Item #2483 Map of Joiner Area Rusk County Texas. Texas, Oil.

Map of Joiner Area Rusk County Texas

Abilene, Tx. Zingery Oil Map Co., [ca. 1930s]. Blueline map on drafting linen, approximately 54 x 41 inches. Minor wear, contemporary pencil notations. Very good. Item #2483

A substantially-sized and seemingly unrecorded Texas oil map featuring the Joiner oilfields in Rusk County, Texas, the first known map to show the Joiner Subdivision, with oil wells, claim ownership, and much other important information.  C.M. “Dad” Joiner leased this subdivision from the widow Daisy Bradford in August 1925, obtaining a lease on widow Daisy Bradford's 975 acre farm; the map shows the three "Daisy Bradford" wells in pencil. Joiner then moved to Rusk County in 1926.  Joiner and his crew drilled for three years beginning in 1927, using a flimsy pine rig and battered tools, trying their luck about six miles northwest of Henderson. The first two wells came up dry, but in 1930 the third struck the largest oil deposit discovered to that time and became one of the richest oil fields in the country, let alone Texas. This field is noted as “Joiner et al. 975 Ac. in Lse” on the Joiner Subdivision of the map. 

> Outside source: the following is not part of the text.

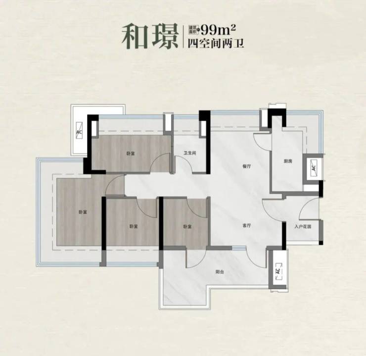 3栋塔楼,包含建面89㎡、92-99㎡户型,通过阳台延伸空间感,贴合了年轻家庭对总价和功能性的双重诉求。
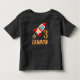 Camiseta de aniversário adorável combina com nossos convites de festa de aniversário com tema de espaço sideral e suprimentos para festas Blast Off. O design apresenta um foguete vermelho e marfim com a idade da sua criança ao lado e o nome abaixo.

Rusk County is located in the Piney Woods of East Texas, about 120 miles southeast of Dallas. The present map shows the county divided into the tracts of its various land owners, including the Hugh Henderson and Juan Ximenez surveys, and the Andrew Miller survey, which became Joinerville. Numerous plots are noted as belonging simply to "Joiner." A previous oil speculator has made numerous notations and scribblings in the body of the map, with the word "ROYALTY" prominently written in an area of land owned by Neal Cooper. Also, a handful of times, the speculator has circled the dot where the name Joiner appears. There are also many different leases and ownership situations shown on the map, including joint ownerships, land ownership of “Mrs. Daisy Bradford 928 A.”, “Humble [later Exxon] 2/6," Gulf Oil 1/6," “Lloyd Oil Co.," “Joiner 30 Ac.," “Osborn (W.B. Osborn Oil & Gas) 50 A. / Joiner 30A.," “Sun Oil," “Arkansas Fuel Oil Co," and others.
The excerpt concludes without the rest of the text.